Огонь! Бомбардир из будущего - Корчевский Юрий Григорьевич. Страница 4
Ведь его замок при выстреле высекает сноп искр. Если пистолеты разрядить, высыпав из ствола порох, и просто щелкнуть курком, как бы вхолостую, таким путем можно поджечь запал. Все это я изложил своим товарищам по несчастью. После некоторого молчания и раздумья план был признан реальным. Я взялся разряжать пистолеты, решив один оставить себе, второй отдать другому человеку. Федор отказался сразу – плавать не умел. Онуфрий молча кивнул головой. Купец и Федор ушли за бочкой с порохом. Теперь надо было сделать запалы. На всякий случай надо сделать два – не ровен час, замокнут в воде. Скатал из бумаги трубочки, туго набил их порохом, который высыпал из пистолетных стволов. Получилось что-то вроде китайских шутих. Мы с Онуфрием обговорили, что и кто делает, я ему показал, что надо сделать, если я по каким-либо причинам не смогу поджечь фитиль. Федор с Григорием принесли бочонок с порохом, мы аккуратно проковыряли небольшую дырочку с торца, заткнув ее деревянной пробкой. Запалы замотали в кусочки кожи, положили на голову и натянули шапки – хоть какая-то защита от воды. За пояс сунули по пистолету и обмотались веревками. Федор с Григорием подтащили к борту бочку, мы с Онуфрием по веревочному трапу тихонько опустились в воду, чтобы не было всплеска, и нам на веревке опустили бочку. Вода сразу обожгла холодом, кажется, тепло из тела ушло мгновенно. Мы с Онуфрием, подталкивая бочку с порохом, поплыли к фрегату. Освещение на пирсе было очень слабым, кое-где торчали факелы, да у трапа стояли часовые, рядом с которыми горел огонь. Корма фрегата оставалась в темноте, что нам и нужно. Молча подплыли, кое-как отмотали веревки с поясов и принайтовали бочку к перу руля с кормовой стороны. Бочка была наполовину в воде, если повезет, взрыв может не только оторвать руль, но и повредить обшивку на корме, это было бы сверх программы, тогда шведам будет не до погони, придется спасать свой фрегат. Мы сняли шапки и, стуча зубами от холода, достали запалы, воткнули в отверстие бочки. Когда я делал запалы для самодельных бомбочек при коломенской схватке, горели они около восьми секунд, сейчас запалы были в два раза длиннее, но сколько они будут гореть – неизвестно. Если секунд пятнадцать – двадцать, доплыть до своей шхуны мы не успеем, взрывом нас просто оглушит и выбросит на берег, как рыбу. Я прошептал Онуфрию:
– Как только подожжем фитили, выбираемся на пирс и бегом к шхуне.
Онуфрий не понял:
– А часовые? Панику же поднимут!
– Да и черт с ними, все равно взрыв будет, и паники хватит и без нас.
Мы вытащили пистолеты, взвели курки и, поднеся замки к запалам, спустили курки.

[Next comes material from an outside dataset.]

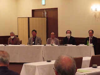 | 湖北支部の歴代の支部長6名の方に集まっていただきました 後列 奥長 裕幸 様 中川 豊太郎 様 馬場 壽夫 様 前列 北村 喜代嗣 様 大塚 忠夫 様 桐畑 実 様 |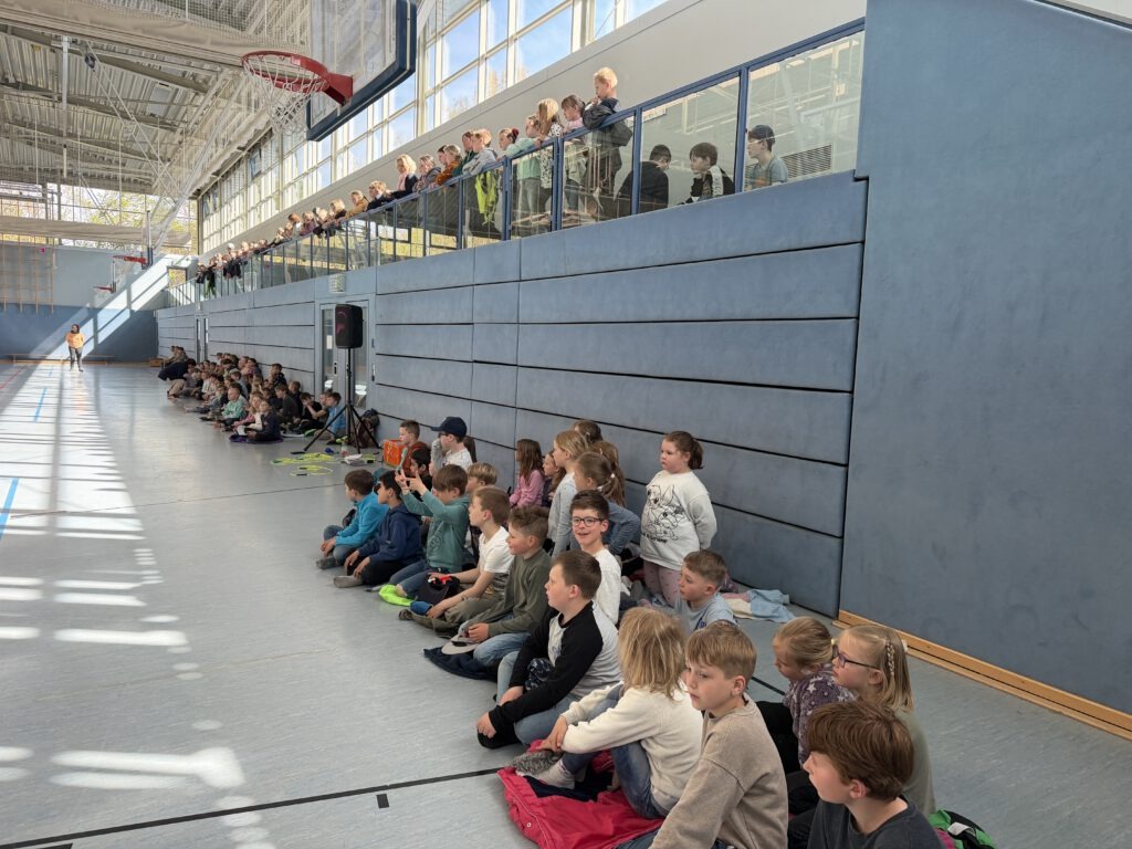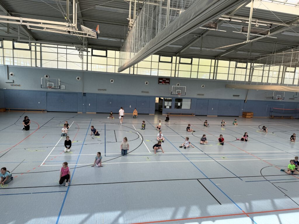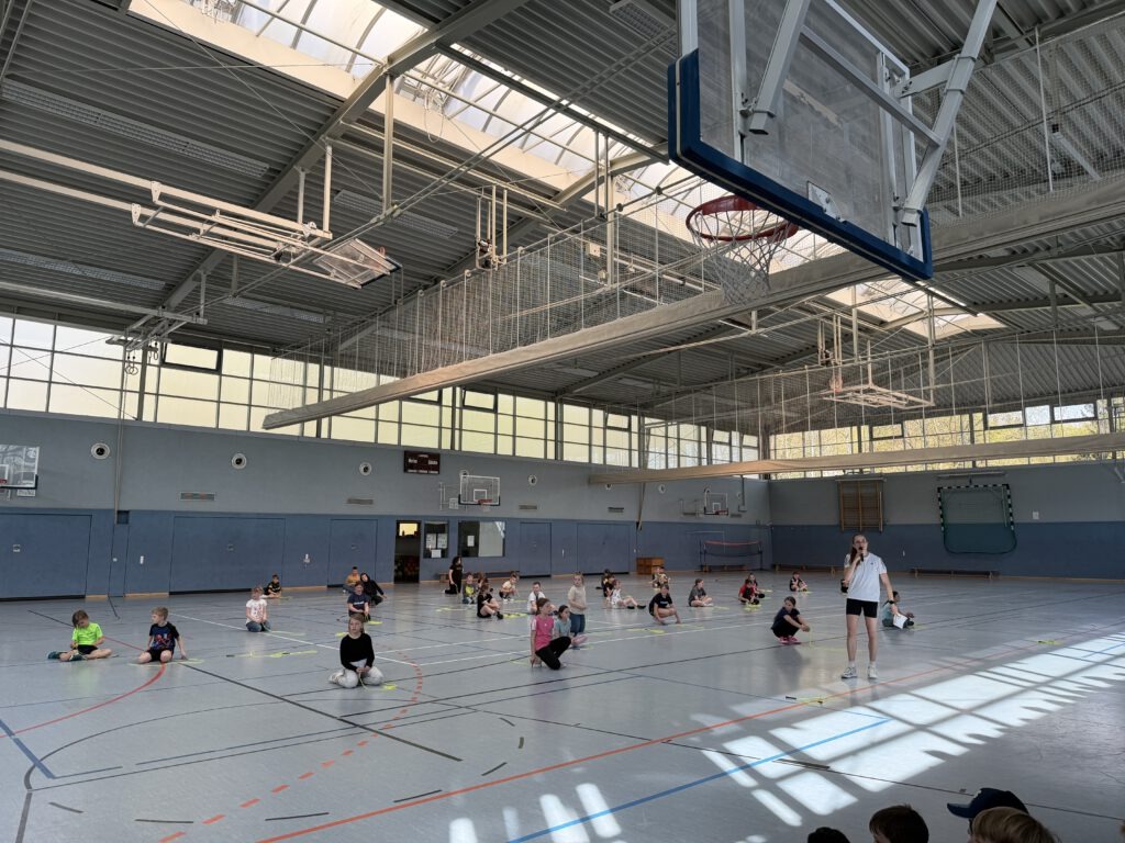 Ein besonderes Highlight war die abschließende Vorführung: Vor allen anderen Schülerinnen und Schülern präsentierten die Drittklässler stolz ihr Können. Die Zuschauer waren beeindruckt von den kreativen Sprungkombinationen und feuerten die Kinder mit großem Applaus an.

У Онуфрия это получилось удачней, его запал сразу задымил, а мне пришлось щелкнуть курком еще раз. Вот и мой запал задымился, мы как можно быстрей доплыли до пирса и по деревянным перекладинам, как по лестнице, взобрались на пирс. Дружно, как спортсмены на старте, рванули к шхуне, только пятки застучали по доскам. Часовые не сразу поняли, в чем дело, начали кричать по-шведски что-то угрожающее. Мы, не обращая внимания на крики, летели к своему судну. Трап наши уже убрали, команда сидела на веслах, ожидая нашего возвращения. С разбегу, оттолкнувшись от причала, мы прыгнули, зацепившись руками за борта. Нас моментально подхватили чьи-то сильные руки и втянули на палубу. Капитан крикнул:
– Взяли!
Весла правого борта дружно оттолкнулись от причала, мы стали отходить от причальной стенки. Сердце в груди после сумасшедшего бега оглушительно стучало, с одежды текли потоки воды. Никого не надо было подгонять, гребцы работали, как на гонках, с каждым мгновением и взмахом весел удаляя нас от причала. По причалу бежал в нашу сторону часовой, на ходу срывая с плеча мушкет. И в это время раздался взрыв. Под кормой фрегата гулко ухнуло, поднялся столб воды, корабль подбросило, падая, он правым боком кормы ударился о причал. Факелы потухли, и в кромешной темноте было слышно, как вода с ревом врывается в утробу судна. Слышались крики раненых, поднялась паника. Теперь можно не бояться преследования. Правда, во время взрыва нас тоже хорошо тряхнуло, положив на левый борт, однако шхуна быстро выпрямилась, купец распорядился поднять паруса. Ветер дул с суши, мы быстро удалялись от негостеприимного берега, радуясь удачному побегу. На причале зажглись факелы, были видны бегающие люди. В нашу сторону из береговой крепости раздалось несколько пушечных выстрелов, но нас укрывала темнота. Я пошел в свою каюту, надо было переодеться в сухую одежду. Когда я вышел из каюты, купец открывал на палубе бочонок с вином, рядом стояла вся команда, лишь один рулевой с тоской поглядывал в нашу сторону. Выбили дно бочонка, здоровым ковшом зачерпнули вина, что купец вез в Новгород на продажу, и протянули мне.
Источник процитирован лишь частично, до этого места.